- [REQUIREMENT]
Range to copy from the entries below: the line containing "Typical layout of" through the line containing "Задача 4.24. Вода", inclusive. Retype only those lines, exactly, without any images.

- [MATERIAL SUPPLIED]
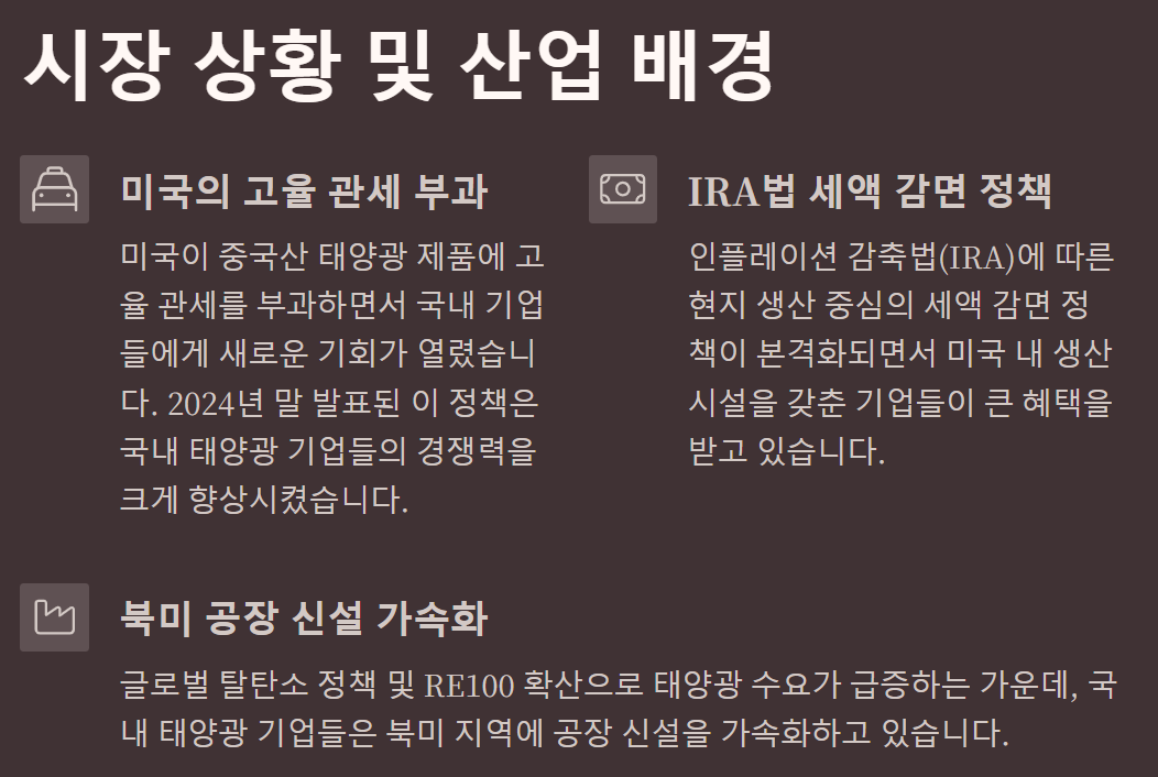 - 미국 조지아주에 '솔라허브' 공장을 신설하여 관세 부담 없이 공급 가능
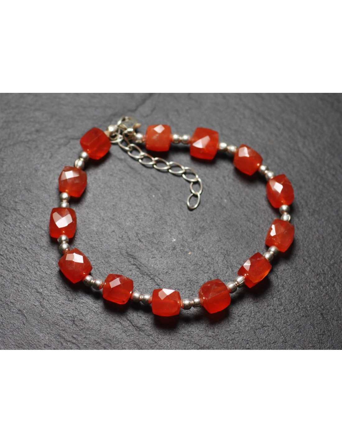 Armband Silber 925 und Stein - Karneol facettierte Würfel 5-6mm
...
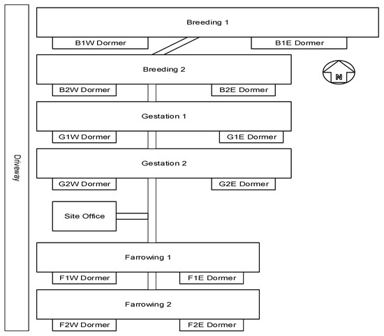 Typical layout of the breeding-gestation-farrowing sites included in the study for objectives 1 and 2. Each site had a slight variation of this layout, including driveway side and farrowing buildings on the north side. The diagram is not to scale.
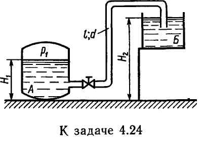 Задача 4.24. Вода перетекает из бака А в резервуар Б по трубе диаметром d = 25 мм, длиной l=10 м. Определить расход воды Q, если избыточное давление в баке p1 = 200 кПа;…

- [RESULT OF THE EXERCISE]
 Typical layout of the breeding-gestation-farrowing sites included in the study for objectives 1 and 2. Each site had a slight variation of this layout, including driveway side and farrowing buildings on the north side. The diagram is not to scale.
 Задача 4.24. Вода перетекает из бака А в резервуар Б по трубе диаметром d = 25 мм, длиной l=10 м. Определить расход воды Q, если избыточное давление в баке p1 = 200 кПа;…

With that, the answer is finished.